Massachusetts DCF: Using Children as a Cash Machine

Symbolic image showing children exploited as financial assets by Massachusetts DCF, highlighting systemic failures and profit-driven removals.

I grew up inside the Massachusetts Department of Children and Families. I lived the reality of a system that claims to protect children but in truth has built itself on exploiting them. From my own experience and from what I have seen, DCF is not motivated by compassion, justice, or the welfare of the children in its custody. It is motivated by money. The more children it can seize and control, the more funding it draws in. Massachusetts leads the nation in reported child abuse rates, drains Social Security benefits meant for children, and runs on a federal funding formula that rewards removals rather than preservation. The evidence is overwhelming, and it points to one conclusion: the agency has transformed children into revenue streams.

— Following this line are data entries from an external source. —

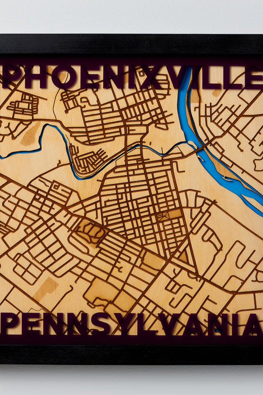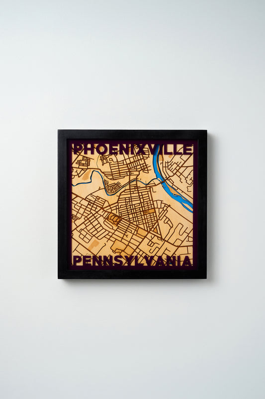 Phoenixville, PA 3D Layered Laser Map, 12x12, Framed
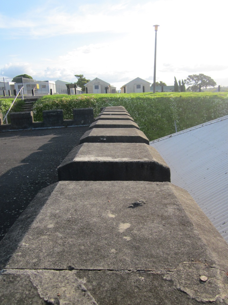 The concrete slide on the south eastern side of the ditch was built as part of the tramway used to move the ammunition around. The magazines next to the road by the playing fields were also built at this time. The fort was the main naval munitions store until 1937, when the Kauri Point magazine complex was built.
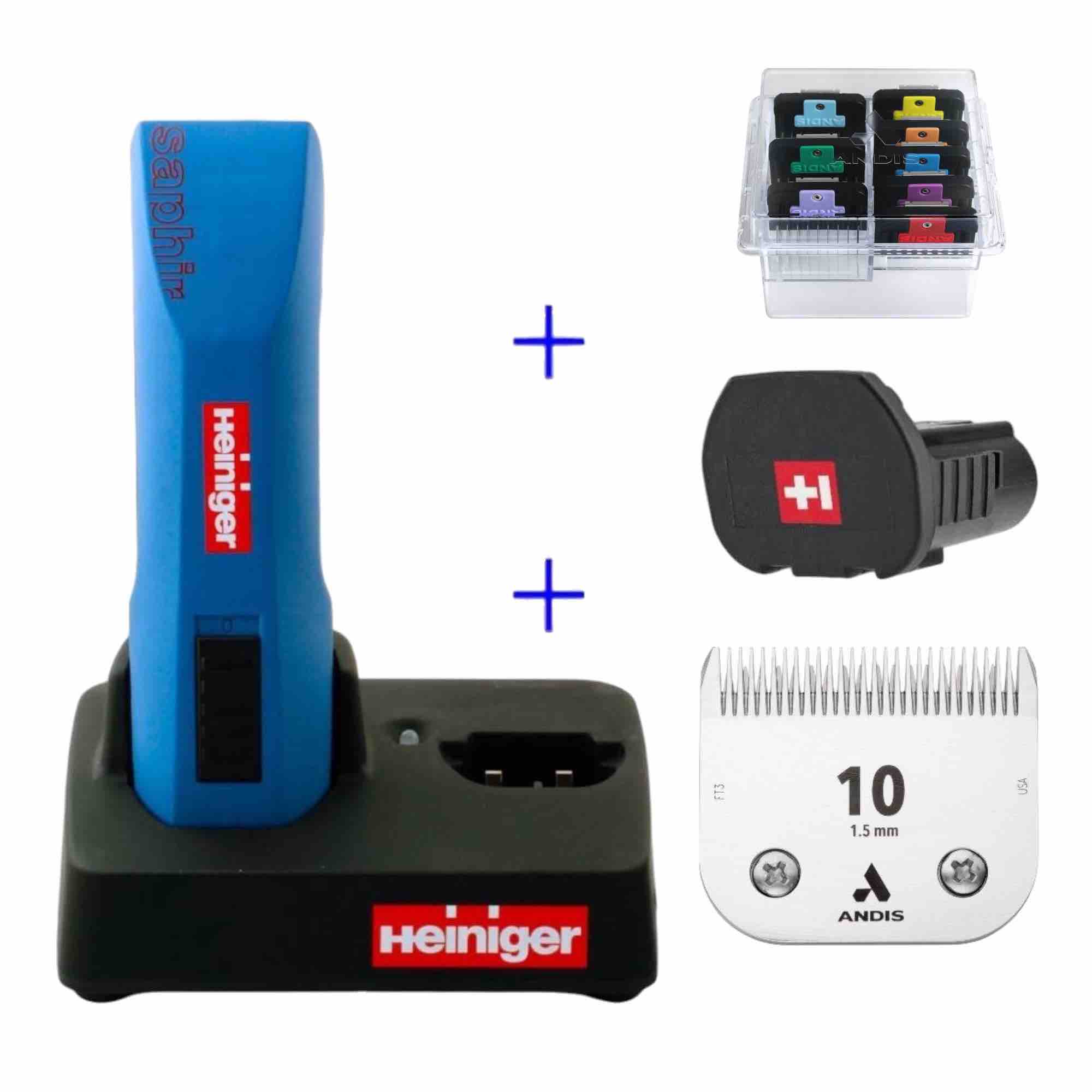 Inkl. Plastik kuffert, 1 batteri, dobbelt bordlader, Andis skær 10 (1,5mm) Ceramicedge, Andis afstandskamsæt, oplader, olie, børste og brugsanvisning.
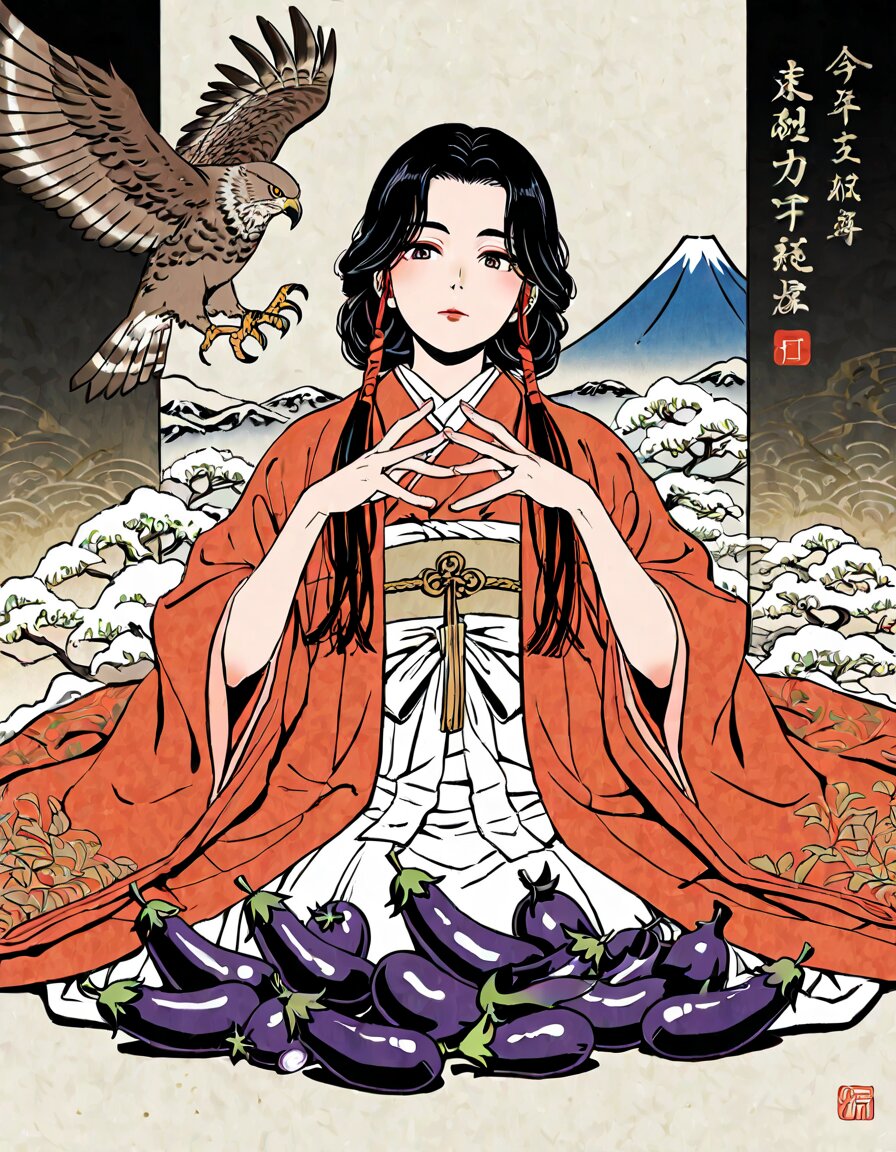 一富士二鷹三茄 夏樹 2026/1/2使用したAI Stable Diffusion XL 年齢制限 全年齢 いいね14 シェア #AIゆく年くる年 #初夢 ありきたりで申し訳ない。初夢に見ると縁起が良いと言われるものを集めてみました。 プロンプト なし コメント 送信 夏樹 2025年6月より活動開始 339投稿101フォロー96フォロワー メカ娘や美少女系のイラスト多め。 こだわりなく色々なジャンル画風で生成してます。(R18は作る予定なし) マリエールさん(うちの子)…原則毎週日曜日(投稿時間は未定) 四季子ちゃん、待てない猫ちゃんは不定期 テーマタグ作品を含むその他も合わせて一日一枚は投稿したい フォローする 他の作品 全てを見る 銃撃乙女 十日戎にゃ 四季子・モデルをする 秘密のアルバイト・コスプレマリエール フルーツの妖精ちゃん ボブスレーニャ! フィギアスケート・コスプレマリエール フルーツの妖精さん 四季子・カレーを食べる あ❣ 四季子・絵馬を奉納する わたしの推し色 月光蝶 日常のマリエールさん 虹色の羽の妖精 猫年が待てないニャ! 機巧少女 美衣子初日の出を見に行く もっと見る
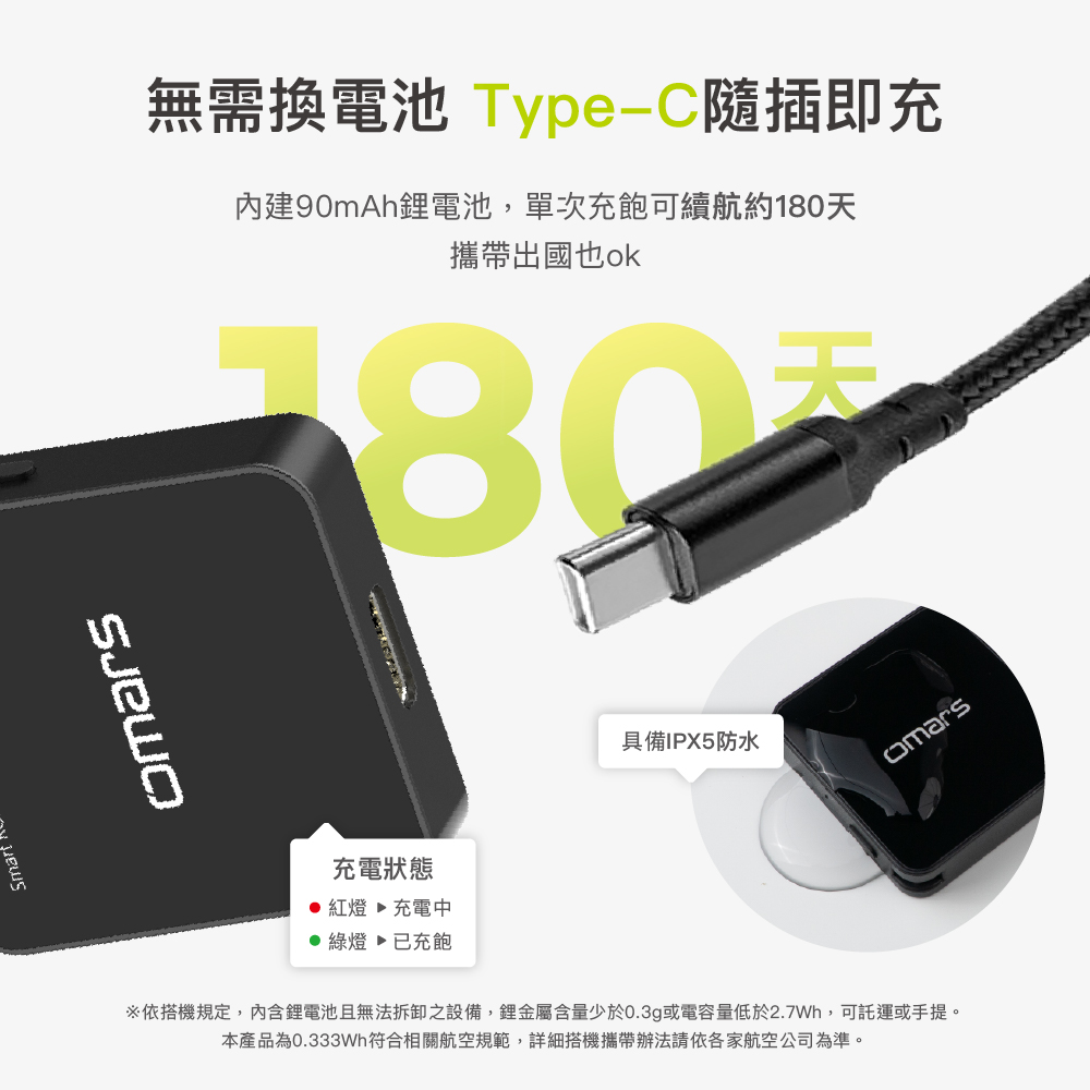 - 【Type-C隨插即充】▸單次續航約180天
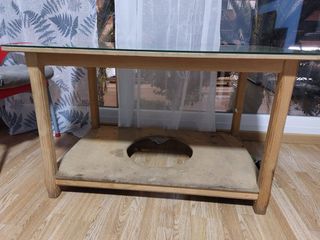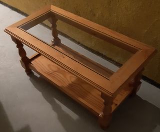 Bonita mesita de centro pino con cristal en perfecto estado mejor verla me costo 185€ tlfn696296887
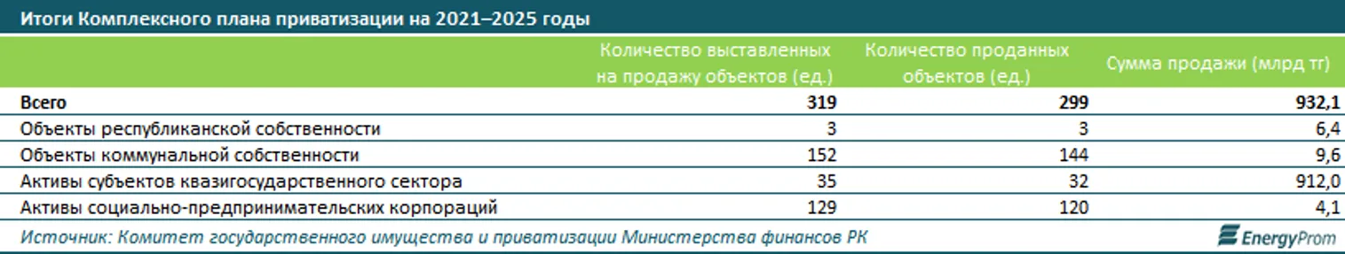 Согласно данным Комитета государственного имущества и приватизации, за этот период было выставлено для приватизации 319 объектов. Из них почти половина (152) пришлась на предприятия коммунальной собственности, а еще 129 — на активы социально-предпринимательских корпораций. В рамках кампании были проданы и переданы в доверительное управление 299 объектов. Общая сумма, полученная бюджетом за прошедшую волну приватизации, составила 932,1 млрд тенге. Большая часть всего объема — 912 млрд тенге — была получена за реализацию именно активов квазигосударственного сектора.

The way federal foster care funding works is a clear example of how the system has been twisted. Under Title IV-E, the government reimburses states for the costs of foster care. The reimbursement does not come when a family is kept together or when support is offered to prevent removal. It comes only after the child is pulled from the home. Each additional removal becomes another claim, another stream of money flowing back into the agency. This structure has been in place for decades, and Massachusetts built its child welfare system around it. The agency has one of the highest removal rates in the nation, not because children here are uniquely endangered, but because DCF has been financially rewarded every time it decides to sever a family. Poverty, lack of housing, untreated mental health needs, and other struggles that should have brought support are instead defined as neglect. Children are then counted, filed, and converted into reimbursements. Families collapse while the agency thrives.

This financial exploitation does not stop at federal reimbursements. DCF has also been caught stealing from the very children it claims to protect. Thousands of children in Massachusetts foster care qualify for survivor benefits when a parent has died or for disability benefits through Supplemental Security Income. Those payments are supposed to exist for the child’s stability, dignity, and security. Instead, DCF applied to be the “representative payee” for those children, seized control of their accounts, and kept up to ninety percent of the money. On paper the justification was that the state was already paying for the child’s care, so the child should pay it back out of their own benefits. In practice, what this meant was that Massachusetts took an average of 5.5 million dollars every year from children and swept it into the state’s general fund. The money did not build savings for the youth’s future, it did not provide extra support, and it did not help them transition into adulthood. It was simply drained away. Advocates called this exploitative, and they were right. A Disability Law Center report documented how the funds meant to be a safety net were siphoned off and spent elsewhere. Only in January of 2024, after public outrage and pressure, did DCF stop this practice. By then, millions had already been stolen.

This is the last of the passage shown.